Provided entries –
====

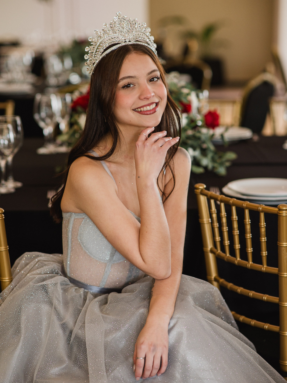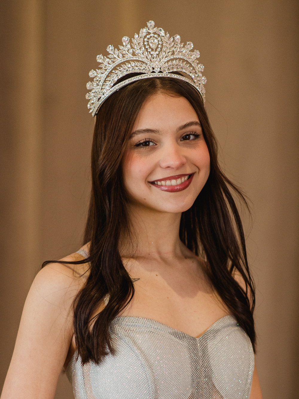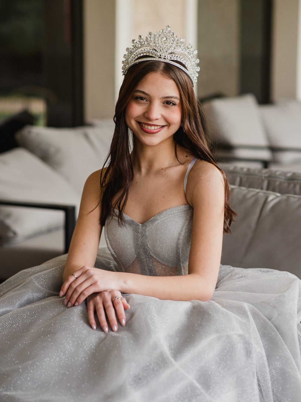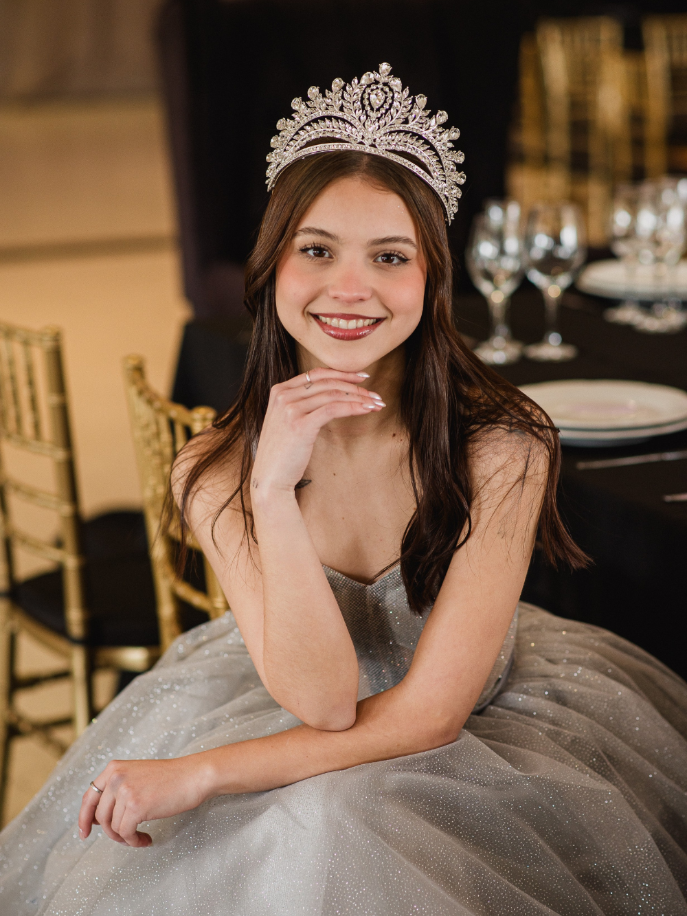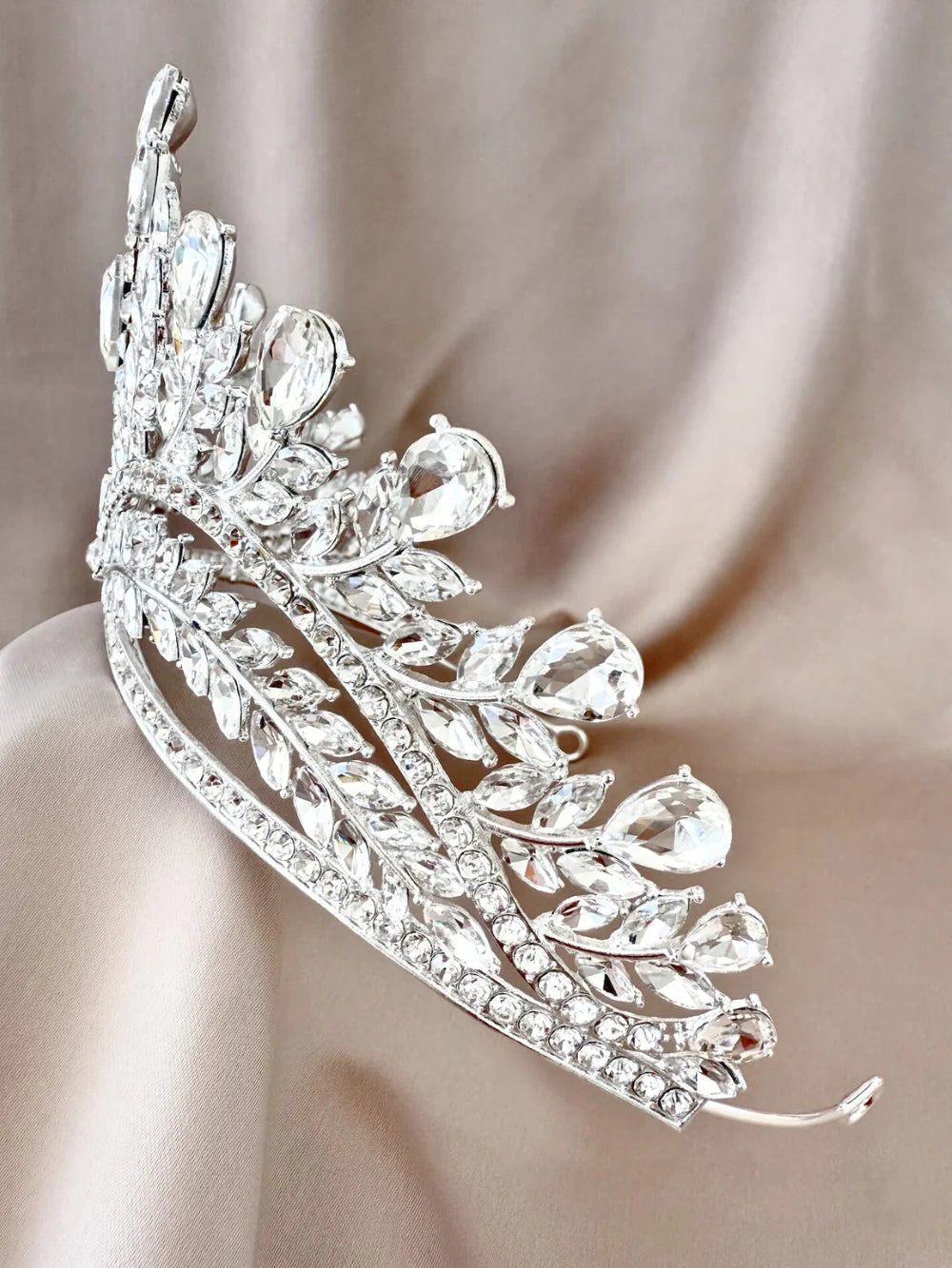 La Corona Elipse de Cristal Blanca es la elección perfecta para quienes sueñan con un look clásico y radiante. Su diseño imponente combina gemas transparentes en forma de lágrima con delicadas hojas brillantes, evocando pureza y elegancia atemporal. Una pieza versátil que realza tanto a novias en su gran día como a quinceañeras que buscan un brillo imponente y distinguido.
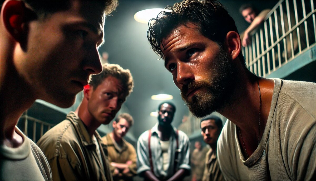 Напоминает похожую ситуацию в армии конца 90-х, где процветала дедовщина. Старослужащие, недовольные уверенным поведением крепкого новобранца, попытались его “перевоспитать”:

====

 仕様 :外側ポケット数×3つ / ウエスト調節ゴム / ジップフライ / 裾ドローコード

====

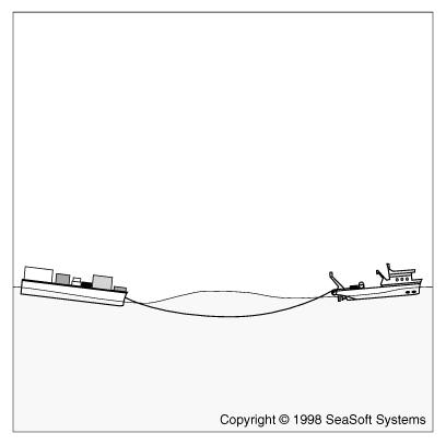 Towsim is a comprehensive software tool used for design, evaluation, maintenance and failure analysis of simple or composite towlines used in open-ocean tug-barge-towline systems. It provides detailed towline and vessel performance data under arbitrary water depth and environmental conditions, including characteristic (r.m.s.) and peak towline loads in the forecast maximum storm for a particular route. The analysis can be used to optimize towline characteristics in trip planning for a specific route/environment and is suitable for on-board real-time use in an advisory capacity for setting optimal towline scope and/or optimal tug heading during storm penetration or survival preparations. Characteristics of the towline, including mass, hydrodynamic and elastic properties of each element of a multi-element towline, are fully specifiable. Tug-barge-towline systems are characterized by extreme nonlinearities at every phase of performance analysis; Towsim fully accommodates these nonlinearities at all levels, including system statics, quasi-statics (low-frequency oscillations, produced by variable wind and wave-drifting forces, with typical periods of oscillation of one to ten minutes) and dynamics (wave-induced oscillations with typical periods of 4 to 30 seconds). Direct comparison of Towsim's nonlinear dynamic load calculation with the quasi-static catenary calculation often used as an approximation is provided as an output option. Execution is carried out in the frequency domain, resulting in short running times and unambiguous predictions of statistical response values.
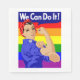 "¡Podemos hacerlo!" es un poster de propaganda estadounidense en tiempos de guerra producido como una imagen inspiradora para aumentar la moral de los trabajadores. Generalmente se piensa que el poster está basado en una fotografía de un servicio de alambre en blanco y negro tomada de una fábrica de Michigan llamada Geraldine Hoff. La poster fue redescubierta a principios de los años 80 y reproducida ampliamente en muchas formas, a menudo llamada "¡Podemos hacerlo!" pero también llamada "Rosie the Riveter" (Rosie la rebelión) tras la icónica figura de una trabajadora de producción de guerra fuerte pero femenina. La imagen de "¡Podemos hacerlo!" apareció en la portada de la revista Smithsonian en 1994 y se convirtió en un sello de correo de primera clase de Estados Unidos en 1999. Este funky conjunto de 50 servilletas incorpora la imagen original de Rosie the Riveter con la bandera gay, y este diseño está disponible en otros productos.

====

How to complete this task – In the data above, the stretch from the line with "La Corona Elipse" through the line with "Напоминает похожую ситуацию" is to be returned exactly, minus any pictures.

Problem solution –
 La Corona Elipse de Cristal Blanca es la elección perfecta para quienes sueñan con un look clásico y radiante. Su diseño imponente combina gemas transparentes en forma de lágrima con delicadas hojas brillantes, evocando pureza y elegancia atemporal. Una pieza versátil que realza tanto a novias en su gran día como a quinceañeras que buscan un brillo imponente y distinguido.
 Напоминает похожую ситуацию в армии конца 90-х, где процветала дедовщина. Старослужащие, недовольные уверенным поведением крепкого новобранца, попытались его “перевоспитать”:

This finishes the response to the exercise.